Llama 4 on GeneralCompute: Getting Started Guide
Llama 4 is Meta's latest open-weight model family, and it is the first Llama generation built around a Mixture of Experts design from the start. That changes a few things about how you pick a variant, how much hardware you need, and how you should think about cost per token. This guide walks through the variants, the practical hardware requirements, and how to get a working request running against GeneralCompute in a few minutes. By the end you should be able to make your first call, stream responses, and reason about which variant fits your workload.
If you have run Llama 3 before, most of your code will carry over without changes.

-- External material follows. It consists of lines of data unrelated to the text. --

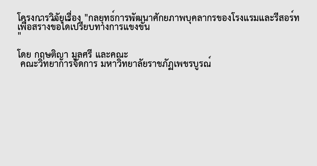 งานวิจัยนี้มีวัตถุประสงค์ เพื่อ 1) ศึกษาแนวทางการพัฒนาศักยภาพของบุคลากรโรงแรมและรีสอร์ท 2) ศึกษาความพึงพอใจของลูกค้าต่อการให้บริการของบุคลากรโรงแรมและรีสอร์ท และ 3) นำเสนอกลยุทธ์ความสำเร็จในการพัฒนาศักยภาพของบุคลากรโรงแรมและรีสอร์ท ผู้ให้ข้อมูลหลักในการศึกษาครั้งนี้ คือ บุคลกรภาคธุรกิจโรงแรมและรีสอร์ท อำเภอเขาค้อ จังหวัดเพชรบูรณ์ จำนวน 35 คน และกลุ่มผู้ที่เกี่ยวข้องจำนวน 7 คน กลุ่มตัวอย่างในการวิจัยเชิงปริมาณคือ ลูกค้าที่เข้าพักโรงแรมและ รีสอร์ท อำเภอเขาค้อ จังหวัดเพชรบูรณ์ จำนวน 400 คน เครื่องมือที่ใช้ในการเก็บรวบรวมข้อมูลคือ แบบประเมินศักยภาพ การสัมภาษณ์เชิงลึก และแบบสอบถาม สถิติที่ใช้ในการวิเคราะห์ได้แก่ ร้อยละ ค่าเฉลี่ย ส่วนเบี่ยงเบนมาตรฐาน ค่าสัมประสิทธิสหสัมพันธ์เพียร์สัน และการวิเคราะห์ปัจจัยเชิงสำรวจ ผลการวิจัยพบว่า
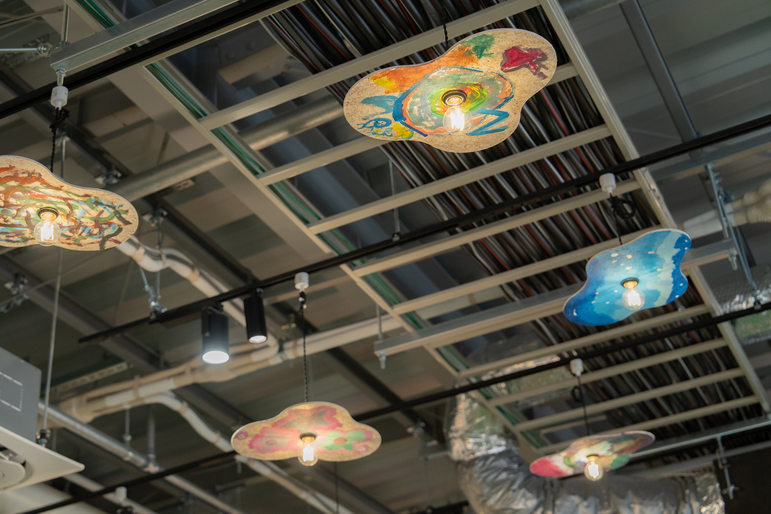 「遊んでい館?」をやさしく照らし続けた、子どもたちとともに廃材からつくり上げたペンダント照明。この照明は、制作に参加した50人の子どもたちの手元へお届けします。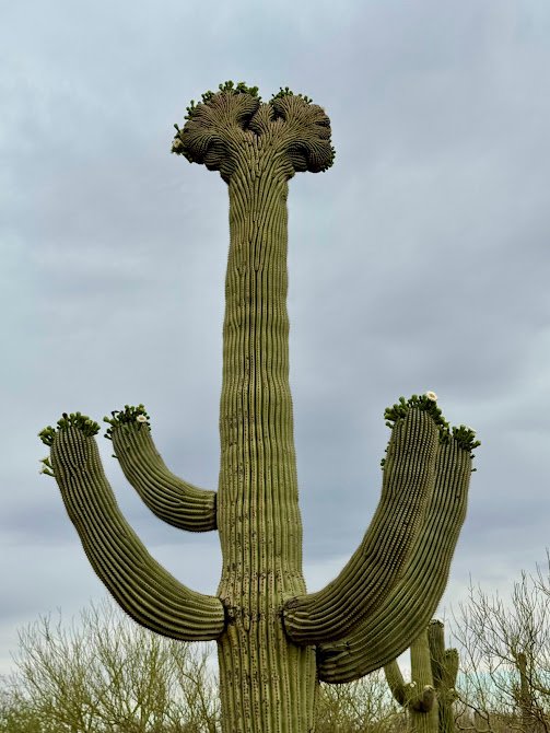Walking to close to the saguaro gave us a newfound appreciation for just how enormous they can grow to be! These cacti can live up to 200 years and grow as tall as 50 feet with up to 24 arms branching off. Some, called cristates, have fan-like growths at the top. Scientists are not sure why…lightning? freeze? abnormality? Regardless, they are very cool to spot.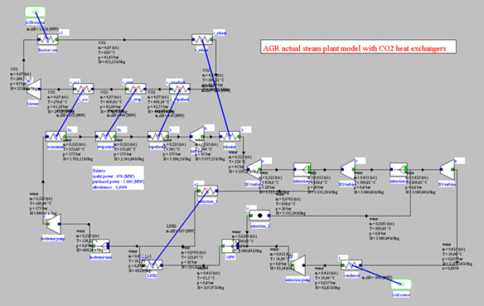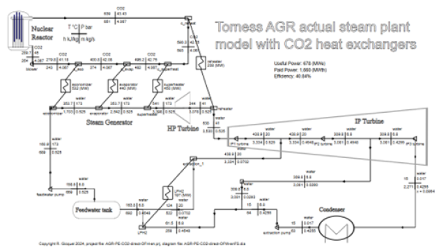 The Figure below shows the usual Thermoptim synoptic view of a model of the Torness nuclear power plant in Scotland, of the AGR (Advanced Gas Reactor) type.

The API is OpenAI compatible, so the main decisions are which variant to call and how to set a few parameters that matter more for an MoE model than they did for the older dense models.
The Llama 4 Variants
Llama 4 ships as a small family rather than a single model, and the variants differ in ways that actually matter for serving. The two you will reach for most are Llama 4 Scout and Llama 4 Maverick.
Llama 4 Scout is the smaller of the two. It uses a Mixture of Experts layout with a relatively modest number of active parameters per token, which keeps the per-token compute cost low. Scout is the variant to start with for chat, summarization, classification, and most retrieval-augmented generation work. It is also the one to use when you care about time to first token and want to keep cost down on high-volume traffic. Scout supports a very long context window, which makes it a good fit for document-heavy workloads where you stuff a lot of retrieved text into the prompt.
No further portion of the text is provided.